Cutting ties was the right move (a 76ers executive told me that they "love the direction they are going"). Sure, the Sixers are still on the hook for the bulk of Webber's 2007-2008 salary ($22.3 million), but evicting Webber from the Wachovia Center frees up valuable development time for Philadelphia's younger players. Can Samuel Dalembert ever morph into a legitimate post threat? Is Andre Iguodala capable of becoming a legitimate second scorer? Can Kyle Korver be anything more than a three-point threat?

And let's not forget the 2007 draft, which is said by many (myself included) to be the best top-to-bottom draft in a decade, with big men being an especially rich commodity. The Sixers, by virtue of their Allen Iverson trade, have three first-round picks. With Webber around, any young big men would be forced to share minutes with him. Instead, now any new post players will have the freedom to develop (read: be thrown into the fire) on a Philadelphia team going nowhere in the short term but with enormous potential down the line.

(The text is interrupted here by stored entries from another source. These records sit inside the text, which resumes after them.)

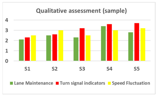 Although quantitative measures served as the primary mechanism for trainee performance assessment, training evaluators also performed a more subjective qualitative assessment (upon pairs of trainees) during each instructional session. In this way, certain categories of trainee performance could be monitored and measured that would be more challenging to program a simulator to quantify with any meaningful accuracy. In so doing, it helped us to maintain an ever-critical “human-in-the-loop” as a critical constituent of the overall human performance assessment. To this end, Figure 13 presents an example depiction of the qualitative assessment for a single participant, in the form of an instructor evaluation checklist (IEC). The IEC was performed across three qualitative performance categories, each rated on a (0–4) Likert scale and observed over the five primary instructional sessions. The categories represent an assessment of (a) overall lateral lane stability, (b) vigilance for using turn signals to indicate turns and lane changes, and (c) maintaining appropriate speed/distance specifically amidst the “challenge” segments of the training modules. For this particular trainee (sample), overall, qualitative ratings generally improved across the five training sessions—particularly, compliance to “turn signal indicators”, which demonstrated steady improvement across all five sessions.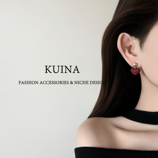 S999纯银新年红色四叶草耳钉小众设计高级耳饰2025新爆款 耳夹耳环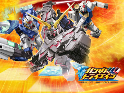「ユニコーンガンダム」、「ダブルオーガンダム」、「ガンダム」の3体が描かれた1枚!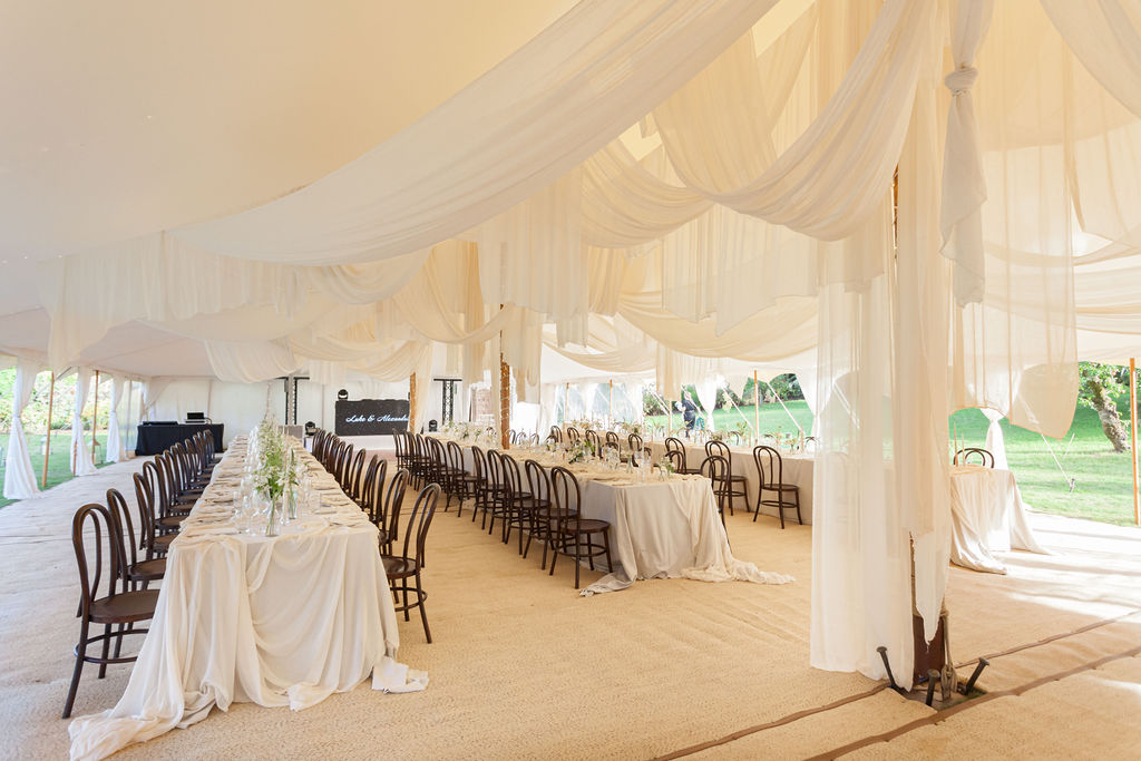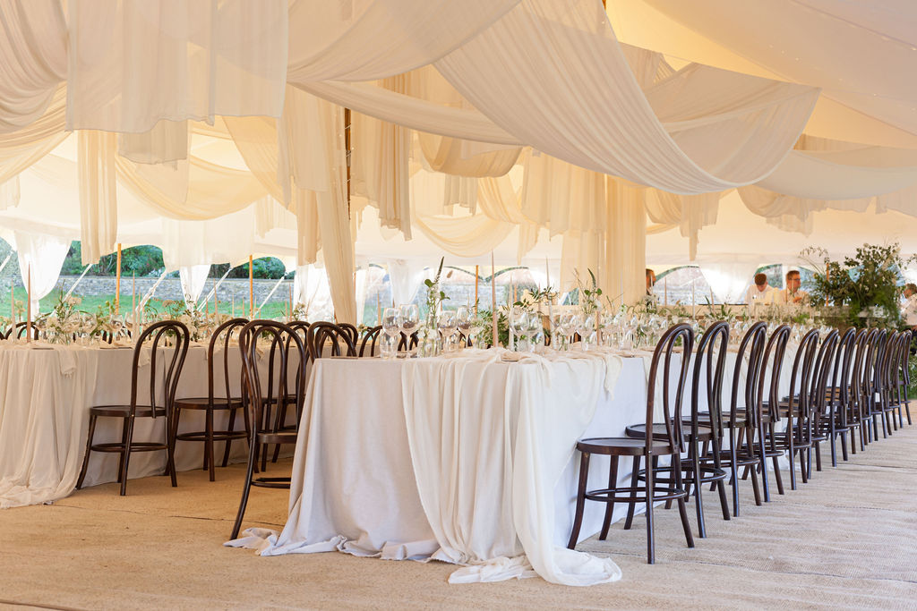 Our Cornish Cream marquee interior is one of our most popular wedding marquees. It is used often as a dining tent or for the entire wedding reception space as it’s so versatile.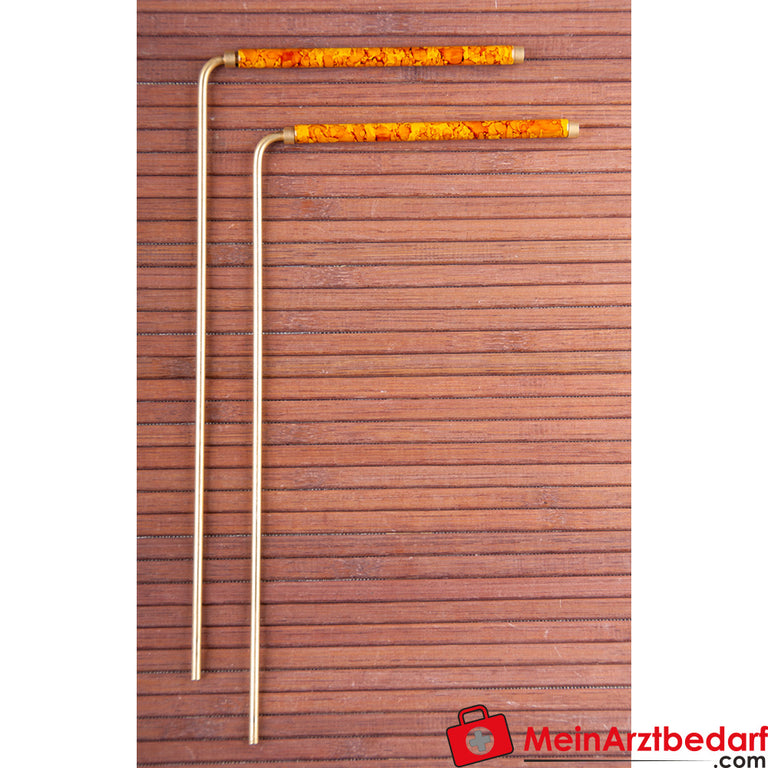 Queste bacchette da radiestesia sono fornite in coppia e hanno una lunghezza di 21 cm. Sono realizzate in oro giallo di alta qualità e con un manico in rame.

Whether Maurice Cheeks is around to see that growth is another story. Cheeks was on the hot seat before the season (well, every Philadelphia coach this decade has been on the hot seat), and the team's lackluster performance is likely to cost him his job this summer. That became more evident once Larry Brown came on board.

Seriously, why in the world would Philadelphia want Brown as an executive? The man discards players like gym socks. As a coach, however, he is the game's most accomplished teacher and would be an ideal fit to shape a young Philadelphia team. This is not a Detroit (or even New York) situation, where Brown frequently played veterans over his younger players. In Philadelphia, he would have few veterans and be forced to live with the mistakes of youth.

The next few years will be painful ones in Philadelphia. The team will struggle and in all likelihood the fans will flee in droves. But give GM Billy King credit: Sometimes you have to get worse before you can get better.